Diventata simbolo e orgoglio dei cittadini del territorio, la grotta delle meraviglie si apre agli occhi di chi guarda con un tripudio di elementi naturali e acquatici. Tra piccoli sentieri e ponticelli che attraversano zone di luce e di ombre, si arriva alla Grotta Inferiore dove si ammira l’ultima parte della cascata che conclude la sua grandiosa caduta.

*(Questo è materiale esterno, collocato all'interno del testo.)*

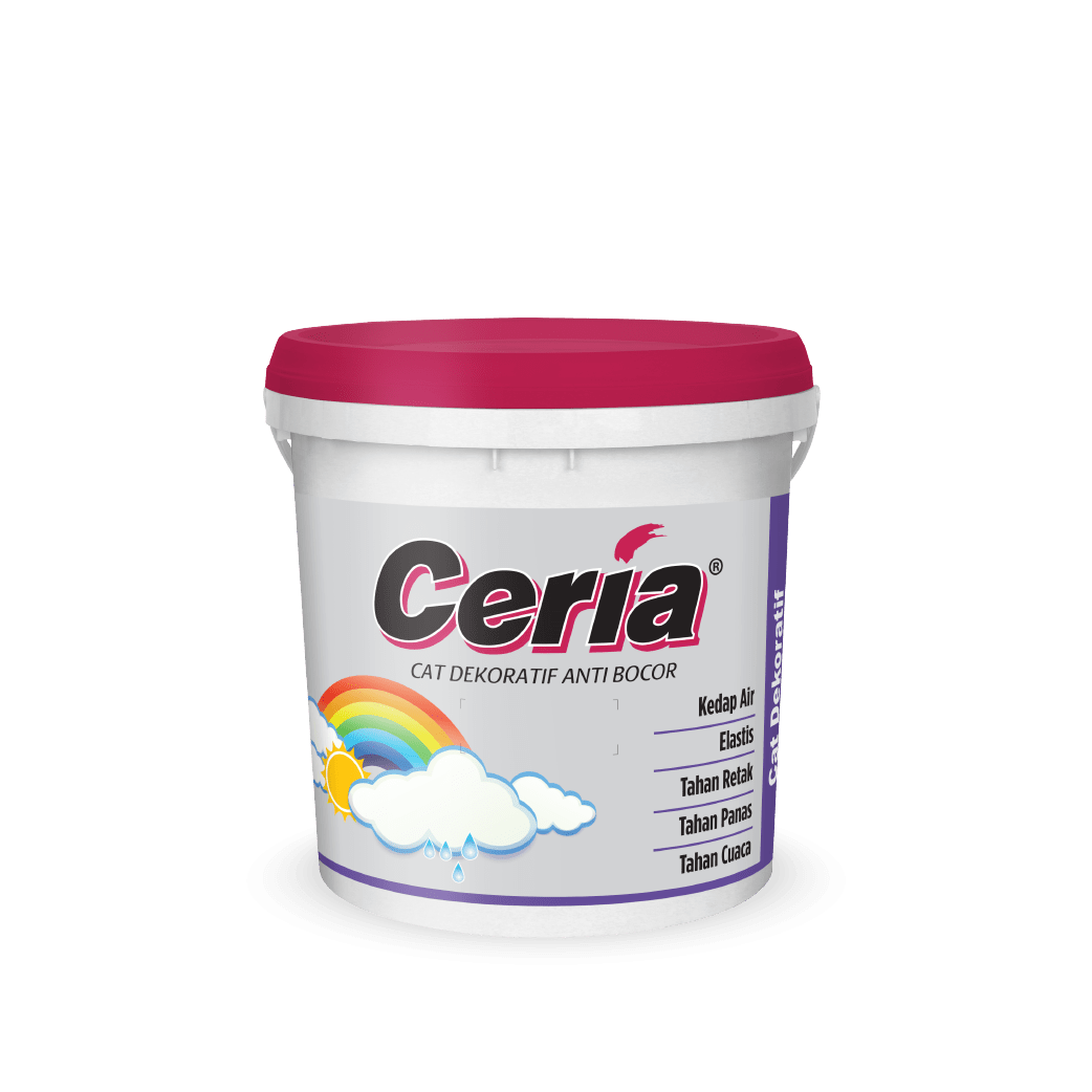 Ceria CR-6000 Cat Dekoratif Anti Bocor ketahanan eksterior yang baik, anti bocor, memiliki elastomeric yang dapat menutupi retak rambut pada dinding, tahan terhadap alkali, daya rekat yang baik ke substrat, mudah diaplikasikan, cepat kering, lebih tahan lama, serta tersedia dalam warna-warna yang cerah dan indah.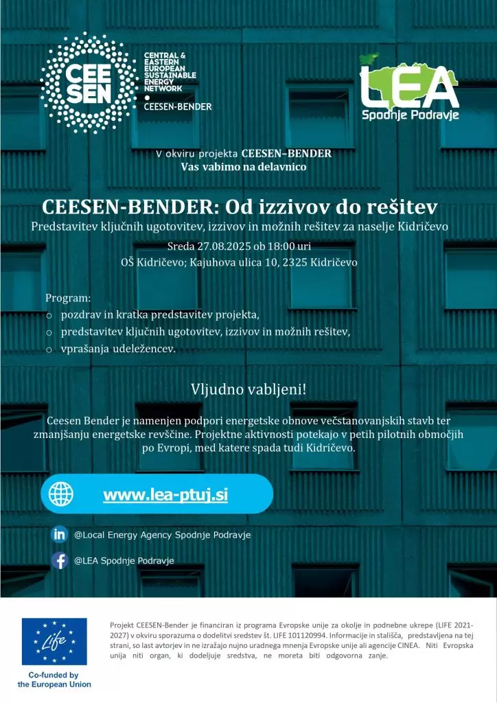 Projekt CEESEN-BENDER je namenjen podpori energetske obnove večstanovanjskih stavb ter zmanjšanju energetske revščine. Aktivnosti potekajo v petih pilotnih območjih po Evropi, med katerimi je tudi Kidričevo.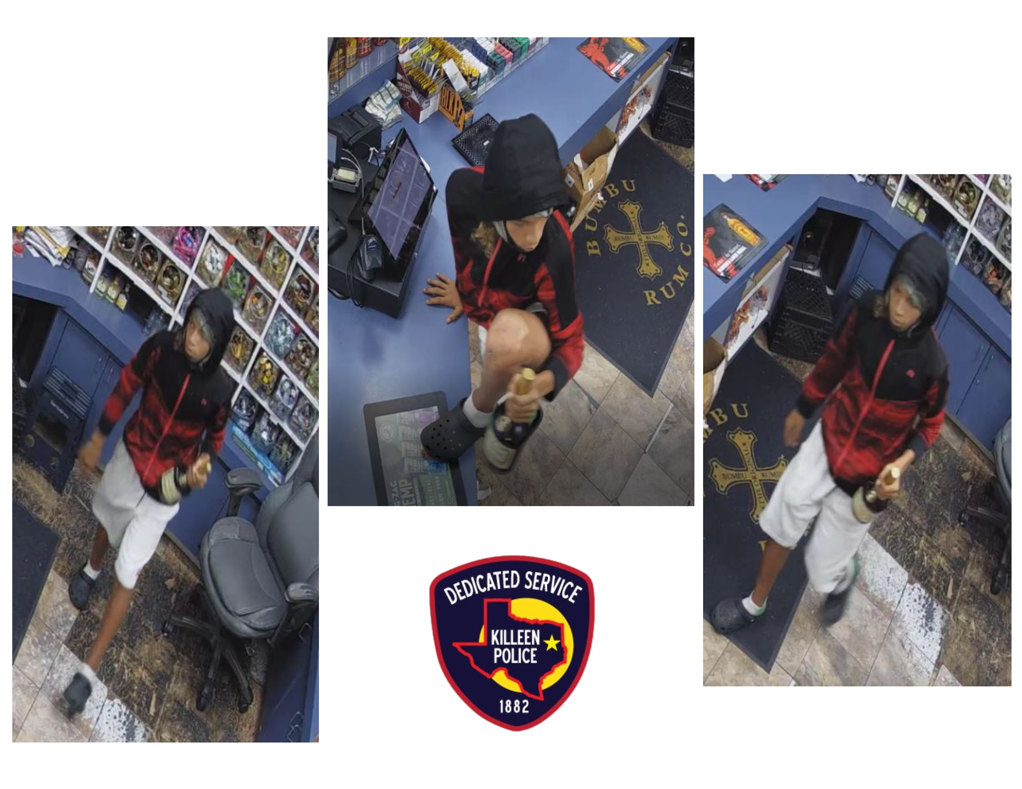 Officers were then dispatched to the Killeen Wine & Spirits located at 1015 N. College in reference to a burglary. Video surveillance showed at approximately 5:29 a.m., the same vehicle is seen backing up again to the business and two black males exit the Jeep. The males used a metal bar to enter the business and took liquor and cash from the cash register.

Salendo i 115 scalini che collegano le diverse parti della grotta, è possibile arrivare alla parte superiore dove tutto ha inizio, dove la cascata fa il suo salto. Per arrivare fin lì occorre addentrarsi nelle viscere della montagna attraversando un tunnel lungo 15 metri che conduce nella zona più suggestiva di tutto il parco.

Tra la Grotta Inferiore e quella Superiore, però, un altro paesaggio idilliaco si apre davanti agli occhi dei visitatori, un Parco Botanico dove le piante mediterranee e gli arbusti di alta montagna convivono insieme a palme, jukke, cipressi e oleandri.

Visitare il Parco Grotta Cascata Varone, quindi, è una vera e propria esperienza straordinaria che permette di entrare in contatto con la natura autentica e vivere il perfetto equilibrio tra acqua, natura e architetture naturali.